The researchers hypothesized about the neuroanatomical mechanisms behind these findings:
“Neuroimaging evidence suggests that key brain areas involved in these psychological effects of acetaminophen are likely to be the anterior insula (AI) and anterior parts of the cingulate cortex (dACC). Acetaminophen reduces activation in these areas during physical and emotional pain (DeWall et al., 2010; Pickering et al., 2015). Some researchers have pointed out the centrality of these brain areas for positive empathy, as well (e.g., Immordino-Yang et al., 2009; Apps and Ramnani, 2014; Lockwood, 2016). This shared neural mechanism is plausible as the AI seems to be the core of a limbic cortical network related to emotional awareness, independent of emotional valence (Craig, 2009). Thus, both positive and negative empathy may rely on AI and ACC, even though these types of empathy are differentiable at other levels along the neuroaxis. Because acetaminophen appears to blunt responsiveness for one’s own pain and for the pain of others in brain areas overlapping with those involved in positive empathy, we hypothesize that acetaminophen may also impair people’s ability to experience empathy for others’ positive experiences.”
The researchers elaboarted on the implications of their findings in the study conclusion as follows:
“Finally, our findings have important practical implications. Positive empathy provides part of the “social glue” from which interpersonal bonds are built and strengthened (Morelli et al., 2015). As such, taking pleasure from the good fortune of others fosters interpersonal connection, trust, and – ultimately – prosocial behavior (Reis et al., 2010; Morelli et al., 2014; Andreychik and Migliaccio, 2015), thus providing important societal benefits. These benefits have to be viewed in the context of the amount of people regularly consuming acetaminophen. An estimated quarter of all US American adults take a drug containing acetaminophen every week (Kaufman et al., 2002). It is thus possible that the pervasive use of acetaminophen among Americans may substantially reduce these benefits. However, there is currently no research on the relationship between acetaminophen usage and reduced prosocial behavior in the USA. This research gap needs filling.
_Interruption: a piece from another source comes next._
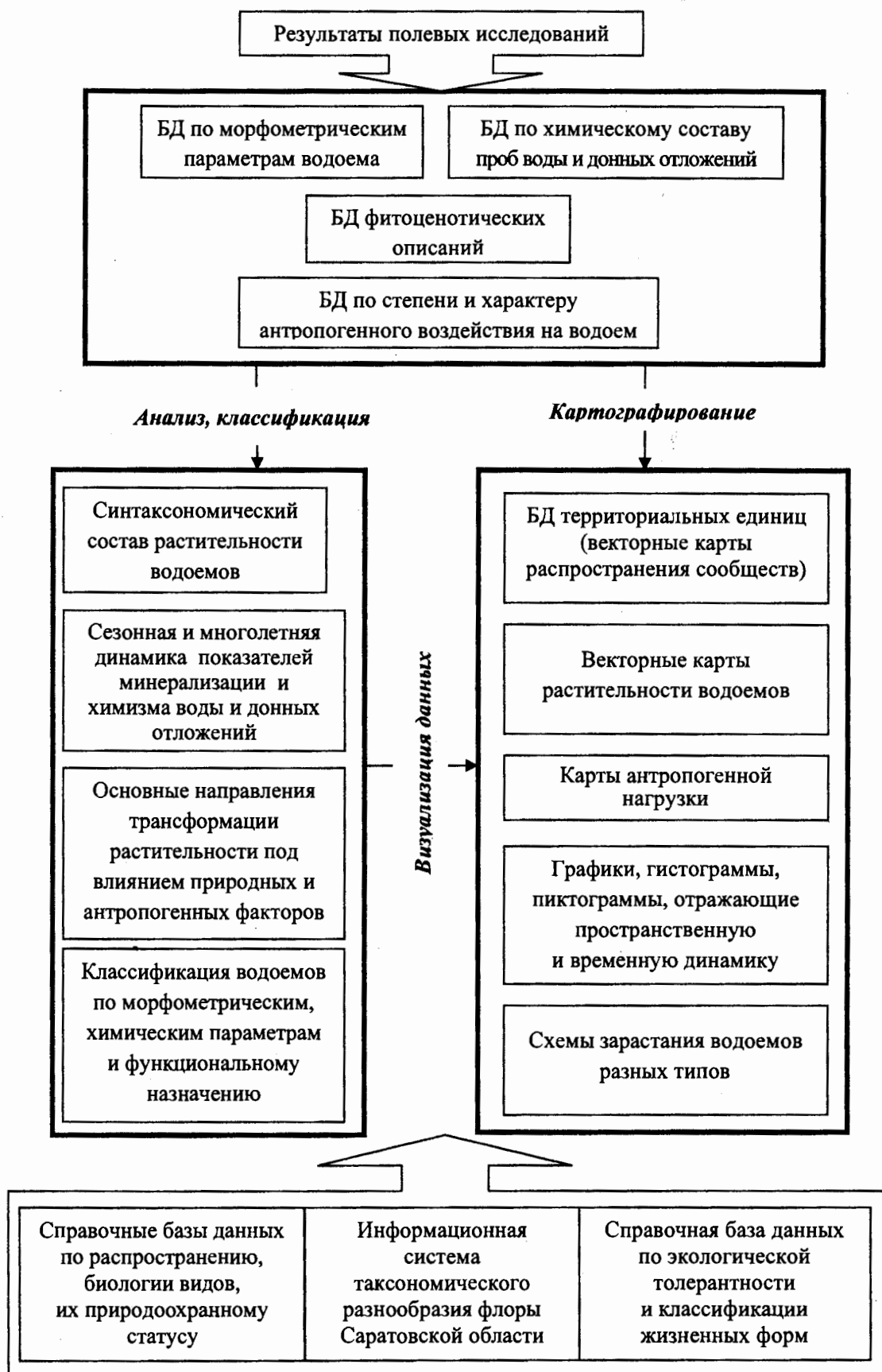
Рис. 1. Организация аналитической ГИС «Состояние растительности водоемов саратовского Заволжья»
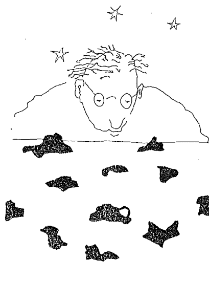
De auteur aan het werk

den (niet-leden 65 gulden) inclusief verzendkosten. Het is een prachtig boek geworden, dankzij de soepele stijl van de schrijver leest het prettig en dat ondanks de weerbarstige materie.

Overall, the present research shows that acetaminophen reduces empathy for the pleasurable experiences of other people. These findings not only constitute an important step forward in our understanding of the affective mechanisms underlying the experience of positive empathy but also raise concern about the societal impact of excessive acetaminophen consumption.”
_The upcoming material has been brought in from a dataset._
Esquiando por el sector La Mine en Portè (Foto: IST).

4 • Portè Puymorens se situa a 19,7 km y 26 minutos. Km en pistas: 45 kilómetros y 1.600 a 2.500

Could Tylenol be contributing to anti-social behavior in exposed populations? I believe research like this indicates that this is absolutely a factor in society at large. Like psychiatric medications, with their well known association with violence against self and other, drugs designed to blunt pain on a merely symptomatic physical or psychological, instead of addressing the root causes of the suffering, can lead to behaviors that demnonstrate a lack of compassion and consideration for others.